**BRIEF**: Copy out the data that comes next, character for character, and leave the images aside.

**DATA TO PROCESS**:
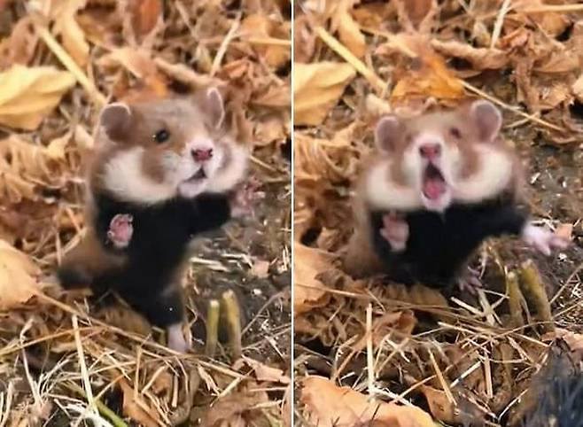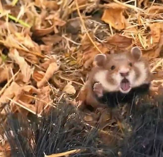 사연은 이렇습니다. SNS상에는 낙엽더미 위에서 야생 햄스터가 자기보다 몇 배나 훨씬 큰 사람을 향해 다짜고짜 항의하고 따지는 모습이 담긴 영상이 올라왔죠.
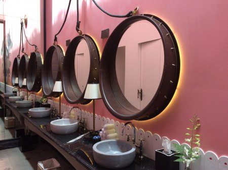 Туалет с собачьими следами на полу и ошейниками-зеркалами
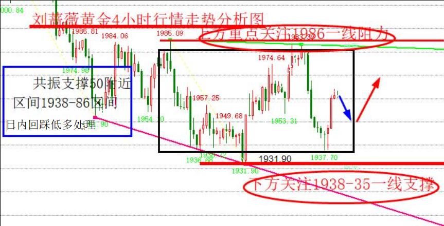 黄金从日线图看,昨日金价冲高后回落收实体阴K线形态,目前MACD指标双线已经发出死叉变盘信号,暗示后市行情或将会进一步向下回调试探底部支撑,不过KDJ指标开始走高,需要密切留意MA5均线对价格的支撑力度。 黄金4小时图看,经过昨日一轮探低回升后,目前金价已经收复五月中下旬的下跌幅度,虽然MACD指标双线仍在金叉运行过程当中,但现阶段价格面临前方多次承压的压力位,下周或有机会出现回踩测试底部,需要关注下方MA5和MA10两道关键均线的支撑效果。综合上述分析,下周操作上刘蔷薇建议回踩做多为主,下方关注1935-1940一线支撑,上方关注1970-1965一线阻力; 黄金下周操作策略建
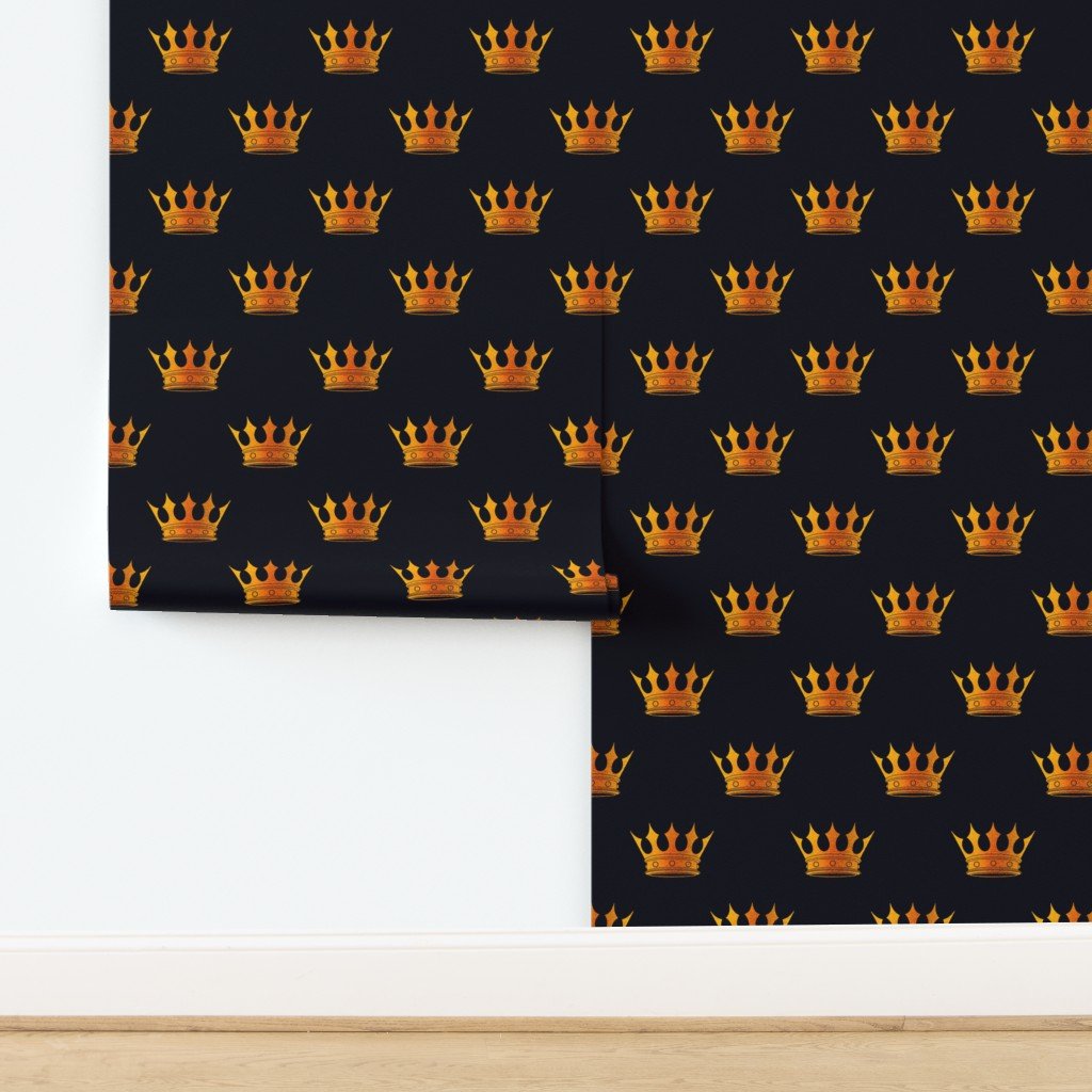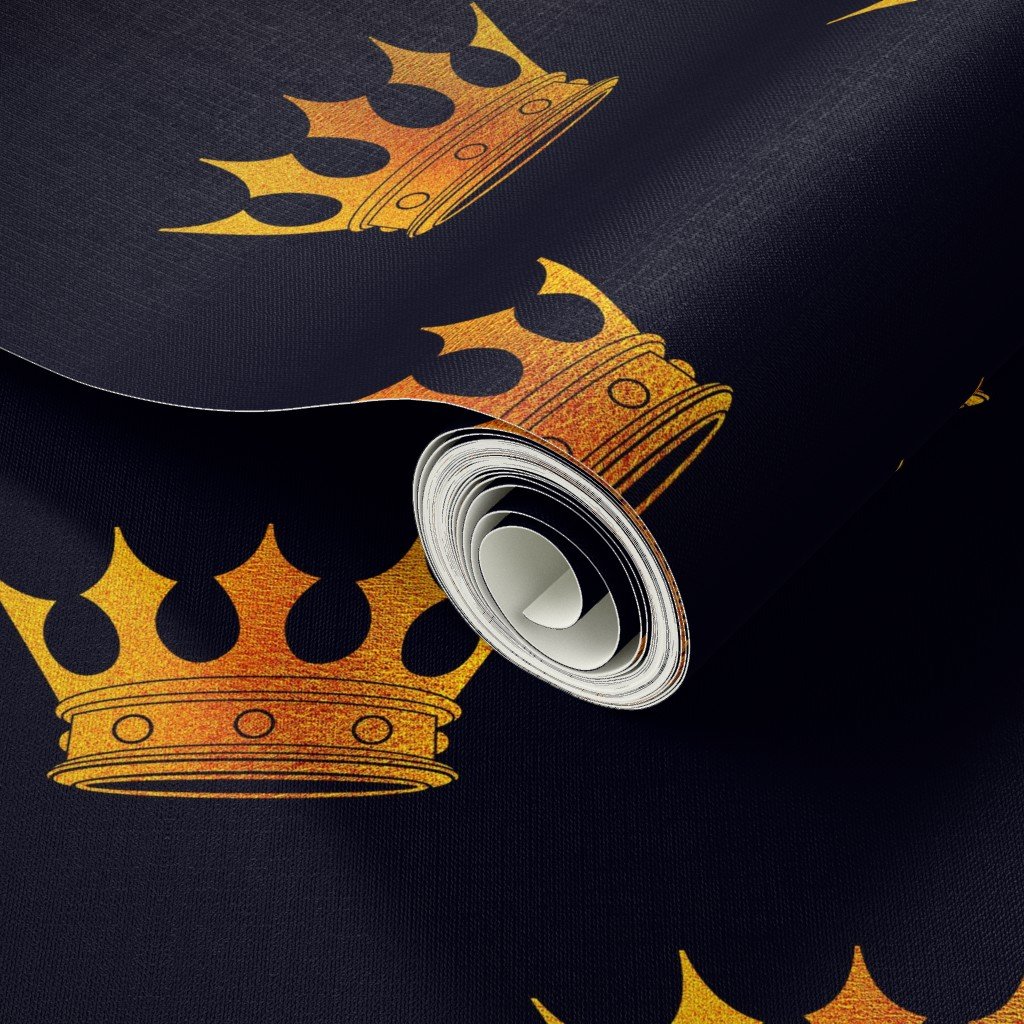 Heraldry Shields with Royal Crowns and Banners in Blue on White Wallpaper
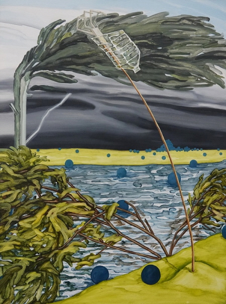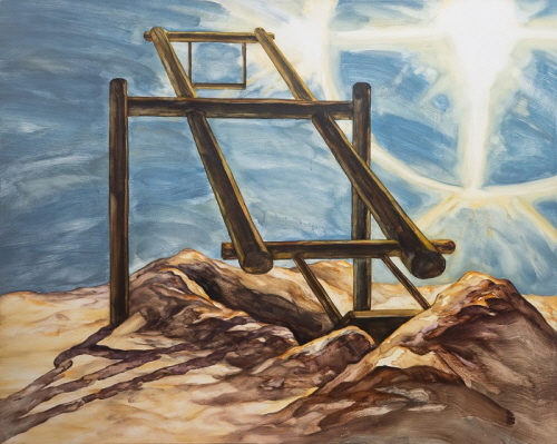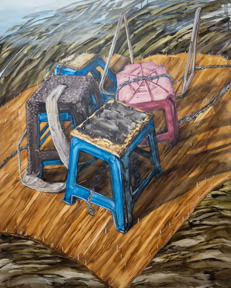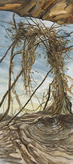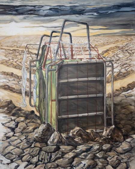 안주은이 주목하는 것은 결국 생의 의지와 염원이 어떻게 일상의 사물을 통해 형상화되고 또 얼마나 밀접하게 우리의 삶에 맞닿아 있는가에 대한 탐구이다. 작가는 오래된 사찰이나 손때 묻은 유물뿐만 아니라, 한철을 버티기 위해 세웠던 가림막이나 작물 지지대에 남은 흔적 속에서도 동일하게 보편적인 생의 의지를 발견한다. 그리고 과거와의 접점을 통해 그것이 어떻게 진화하며 다음 세대로 이어지는지를 탐색한다. 이러한 접근은 작품의 재료와 표현 방식에서도 드러난다. 수성 유화물감의 얇고 가벼운 텍스처는 구조물들이 지닌 임시적이고 연약한 특성을 반영하며, 유기적이고 과감한 붓질로 표현된 주변 환경은 작가의 상상력이 더해진 가상의 공간으로 재구성된다. 이를 통해 작가는 단순한 재현을 넘어 시간이 남긴 흔적과 기억을 시각적으로 형상화한다.

**ANSWER**:
 사연은 이렇습니다. SNS상에는 낙엽더미 위에서 야생 햄스터가 자기보다 몇 배나 훨씬 큰 사람을 향해 다짜고짜 항의하고 따지는 모습이 담긴 영상이 올라왔죠.
 Туалет с собачьими следами на полу и ошейниками-зеркалами
 黄金从日线图看,昨日金价冲高后回落收实体阴K线形态,目前MACD指标双线已经发出死叉变盘信号,暗示后市行情或将会进一步向下回调试探底部支撑,不过KDJ指标开始走高,需要密切留意MA5均线对价格的支撑力度。 黄金4小时图看,经过昨日一轮探低回升后,目前金价已经收复五月中下旬的下跌幅度,虽然MACD指标双线仍在金叉运行过程当中,但现阶段价格面临前方多次承压的压力位,下周或有机会出现回踩测试底部,需要关注下方MA5和MA10两道关键均线的支撑效果。综合上述分析,下周操作上刘蔷薇建议回踩做多为主,下方关注1935-1940一线支撑,上方关注1970-1965一线阻力; 黄金下周操作策略建
 Heraldry Shields with Royal Crowns and Banners in Blue on White Wallpaper
 안주은이 주목하는 것은 결국 생의 의지와 염원이 어떻게 일상의 사물을 통해 형상화되고 또 얼마나 밀접하게 우리의 삶에 맞닿아 있는가에 대한 탐구이다. 작가는 오래된 사찰이나 손때 묻은 유물뿐만 아니라, 한철을 버티기 위해 세웠던 가림막이나 작물 지지대에 남은 흔적 속에서도 동일하게 보편적인 생의 의지를 발견한다. 그리고 과거와의 접점을 통해 그것이 어떻게 진화하며 다음 세대로 이어지는지를 탐색한다. 이러한 접근은 작품의 재료와 표현 방식에서도 드러난다. 수성 유화물감의 얇고 가벼운 텍스처는 구조물들이 지닌 임시적이고 연약한 특성을 반영하며, 유기적이고 과감한 붓질로 표현된 주변 환경은 작가의 상상력이 더해진 가상의 공간으로 재구성된다. 이를 통해 작가는 단순한 재현을 넘어 시간이 남긴 흔적과 기억을 시각적으로 형상화한다.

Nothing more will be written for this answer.